**Records for processing:**

# # # # #

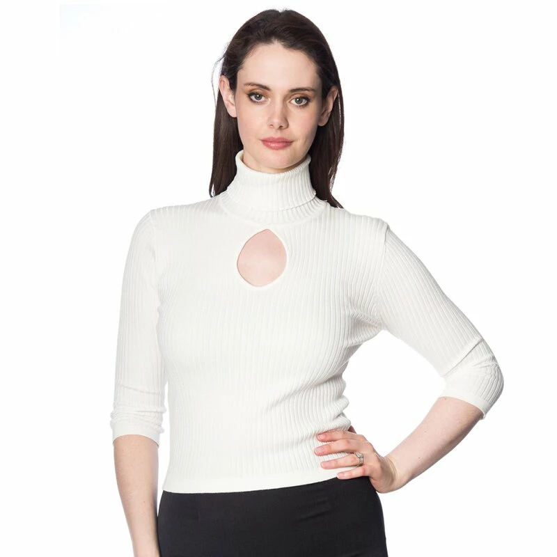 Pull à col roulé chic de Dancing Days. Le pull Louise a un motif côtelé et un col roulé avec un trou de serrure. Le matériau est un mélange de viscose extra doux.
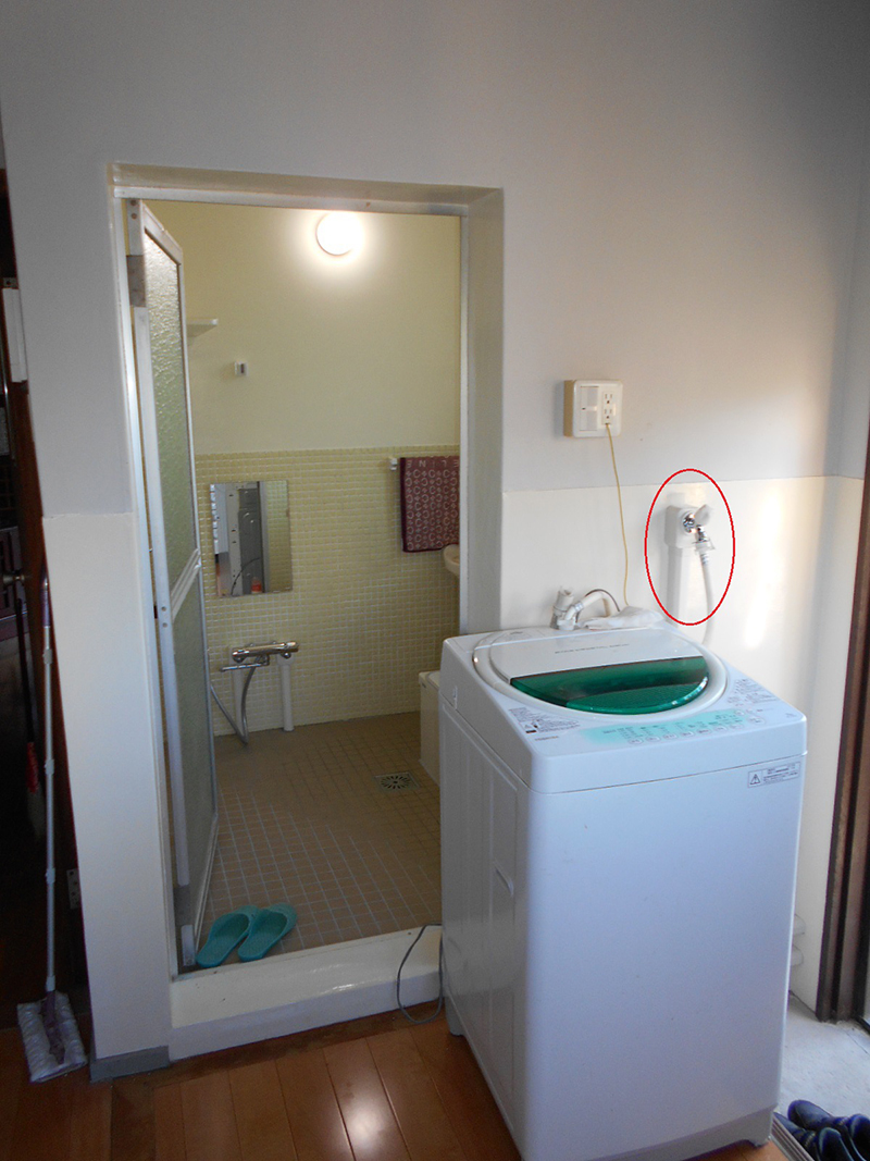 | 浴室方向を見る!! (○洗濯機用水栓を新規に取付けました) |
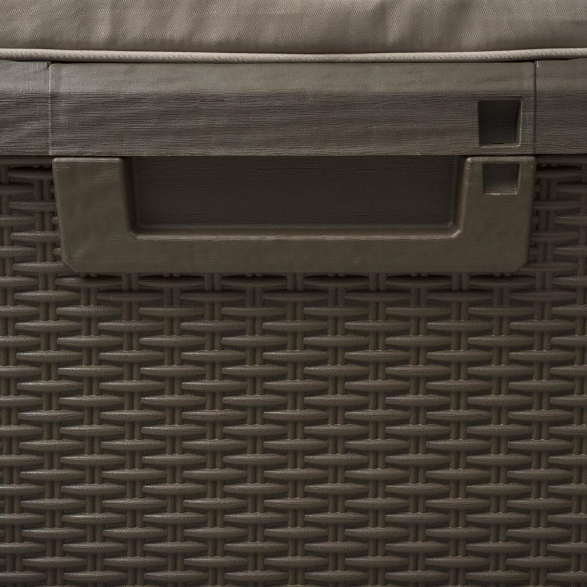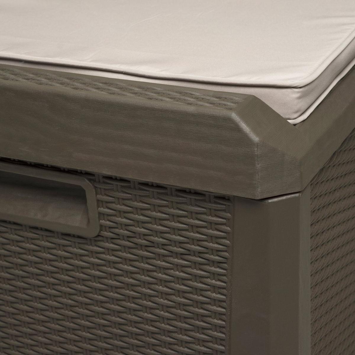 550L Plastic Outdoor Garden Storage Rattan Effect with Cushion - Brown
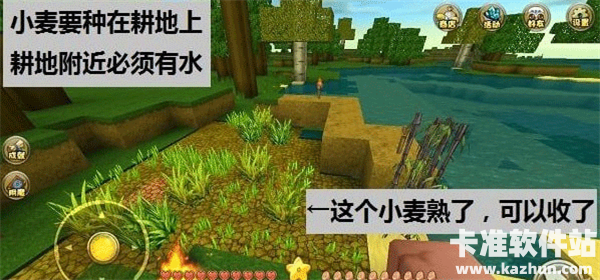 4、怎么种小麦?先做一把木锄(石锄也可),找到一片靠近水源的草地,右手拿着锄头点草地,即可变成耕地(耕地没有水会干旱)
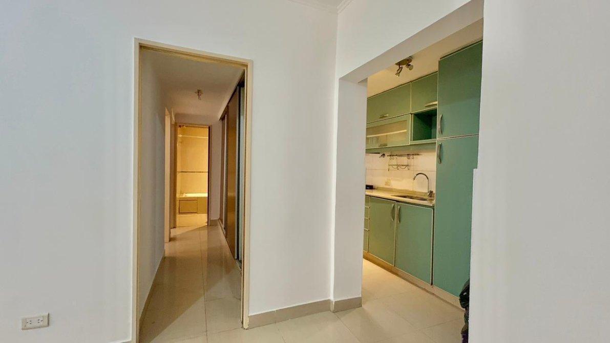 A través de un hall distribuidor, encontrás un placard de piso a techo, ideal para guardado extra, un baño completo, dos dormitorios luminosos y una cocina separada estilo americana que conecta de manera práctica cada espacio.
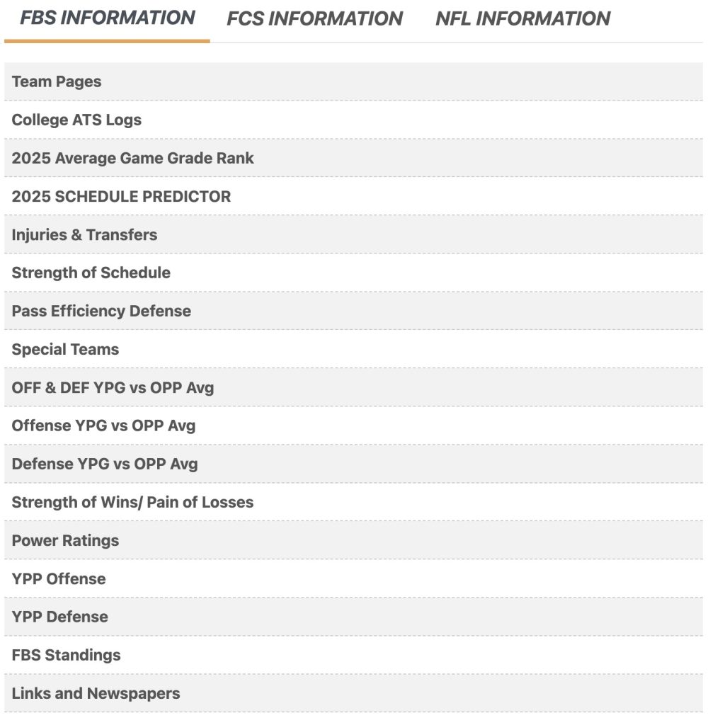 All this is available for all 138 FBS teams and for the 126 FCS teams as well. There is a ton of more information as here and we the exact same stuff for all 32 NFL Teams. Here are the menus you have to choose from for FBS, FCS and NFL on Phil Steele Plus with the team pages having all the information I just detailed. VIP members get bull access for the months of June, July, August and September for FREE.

# # # # #

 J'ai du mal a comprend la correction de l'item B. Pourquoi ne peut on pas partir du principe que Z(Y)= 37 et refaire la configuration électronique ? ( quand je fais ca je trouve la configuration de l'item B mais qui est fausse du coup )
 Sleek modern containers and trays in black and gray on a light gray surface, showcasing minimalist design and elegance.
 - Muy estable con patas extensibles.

# # # # #

From the records above, copy out the line with "J'ai du mal", the line with "- Muy estable con patas extensibles.", and every line between them, word for word.

**Task result:**
 J'ai du mal a comprend la correction de l'item B. Pourquoi ne peut on pas partir du principe que Z(Y)= 37 et refaire la configuration électronique ? ( quand je fais ca je trouve la configuration de l'item B mais qui est fausse du coup )
 Sleek modern containers and trays in black and gray on a light gray surface, showcasing minimalist design and elegance.
 - Muy estable con patas extensibles.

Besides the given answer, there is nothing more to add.